Would the Minister accept that, in relation to the subject matter of Question No. 21, not all travelling families want to be settled in housing estates? There is in this country at present a large number of travelling families who want to park in an area, usually on the outskirts of a city, for one, two or three months in the winter time and them move on to a fair or some other place. In many cases these families cause acute problems for the settled community in their areas, with wandering horses, no proper sanitary services and totally in breach of every law in the land. In that event would the Minister accept that local authorities must be required to make available some kind of parking facilities for those families so that they can be brought within the law, can park in properly serviced sites and no longer live side by side with settled communities? That would help to restore the balance of natural justice between the rights of settled communities and the rights of travelling families? That must be done in relation to——

I think the Deputy has made her point——

——transient travelling families who are neither ready nor willing to settle in housing estates or on halting sites.

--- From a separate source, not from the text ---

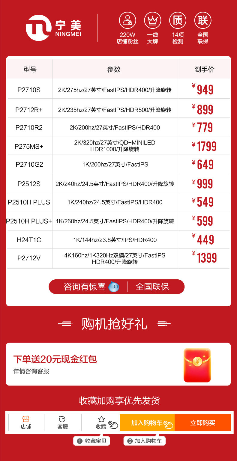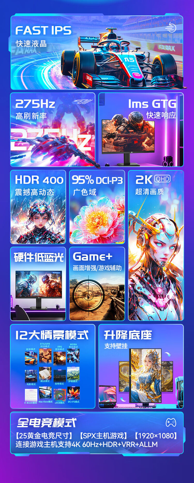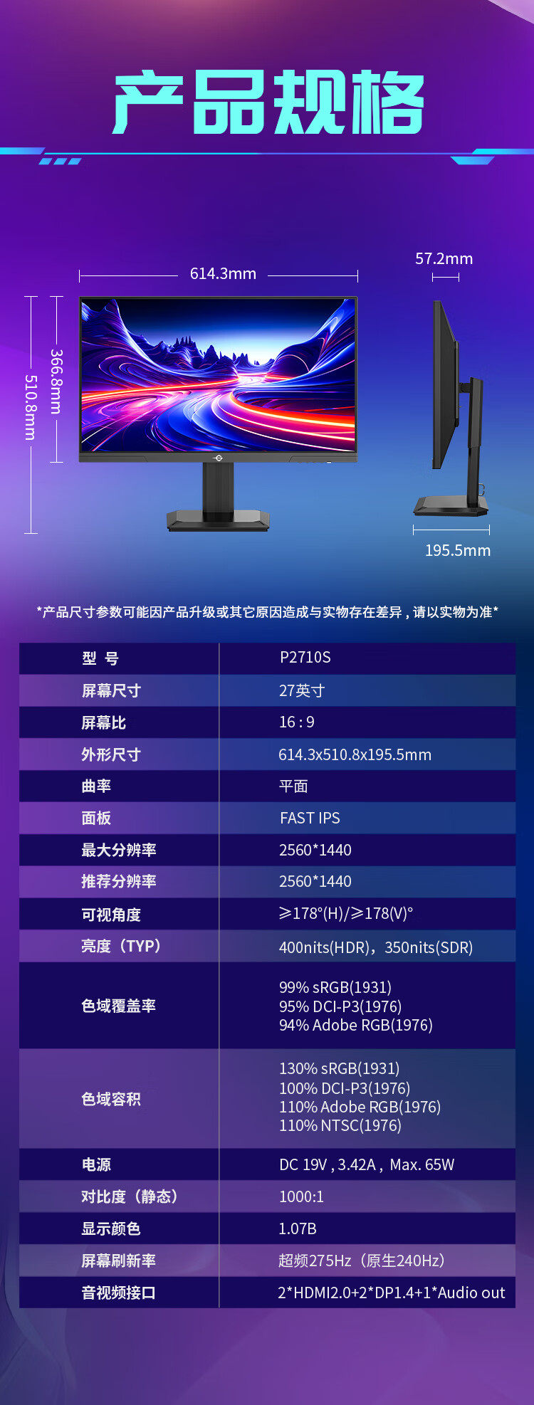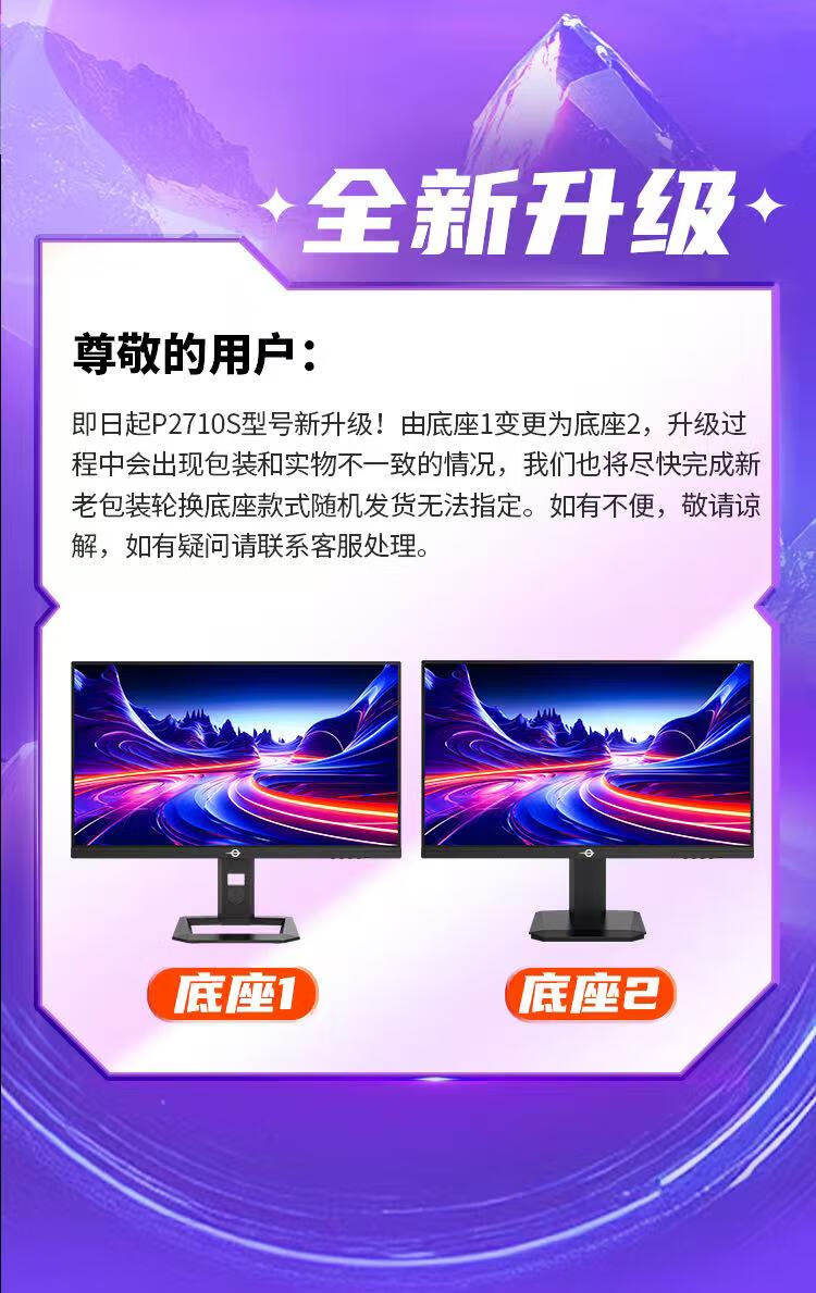 | Color Classification | [2K/275Hz/ 27inch /Fastips/Lifting Rotation/Hdr400] P2710S,[2K/235Hz/ 27inch /Fastips/Hdr500/Lifting and Rotating] P2712R+,[2K/200Hz/ 27inch /Fastips/Hdr400/Lifting and Rotating] P2712R,【2K/235Hz/ 27inch /Fast Ips/Hdr 500】P2710R2+,【2K/200Hz/ 27inch /Fast Ips/Hdr 400】P2710R2,[2K/320Hz/ 27inch /Qd-Miniled/Hdr1000/Lifting Rotation] P275Ms+,【1K/260Hz/ 27inch /Fast Ips/Hdr400】 P2710H Plus,【1K/200Hz/ 27inch /Fast Ips】P2710G2,[2K/240Hz/ 24.5inch /Fastips/Lift and Rotate/Hdr400] P2512S,【2K/170Hz/ 24.5inch /Fast Ips】 P2510R,【1K/260Hz/ 24.5inch /Fastips/Lift and Rotate/Hdr400】 P2510H Plus+,【1K/240Hz/ 24.5inch /Fast Ips/Hdr400】 P2510H Plus,【1K/200Hz/ 24.5inch /Fast Ips/Hdr400】P2510G2,【1K/144Hz/ 23.8inch / Ips/Hdr400】H24T1C,[4K160Hz/1K320Hz Dual Mode/ 27inch /Fastips/Lifting and Rotating/Hdr400] P2712V |

The Deputy has a very good understanding of the situation in so far as travellers are concerned and I agree wholeheartedly with everything she has said. I would like to see a lot more action by local authorities in this regard. For that reason I am taking a personal interest in the matter and I intend to pursue it vigorously with the local authorities in the very immediate future. I certainly will be taking on board the matters referred to by Deputy Quill, because she has summarised them exactly as they are.

Could I ask the Minister to agree to answer these questions separately on the next day——

The Deputy has already put that question.

Yes, Sir, but it has not——

Please, let us not have repetition.

On a point of order, could I ask you, a Cheann Comhairle, to refer this matter of the manner in which the Minister——

It is not——

I am on a point of order, Sir.

I know that, Deputy, and I am seeking to reply to you. It is not unusual for Ministers to seek to reply to related matters of this kind——

Several of the questions are not related.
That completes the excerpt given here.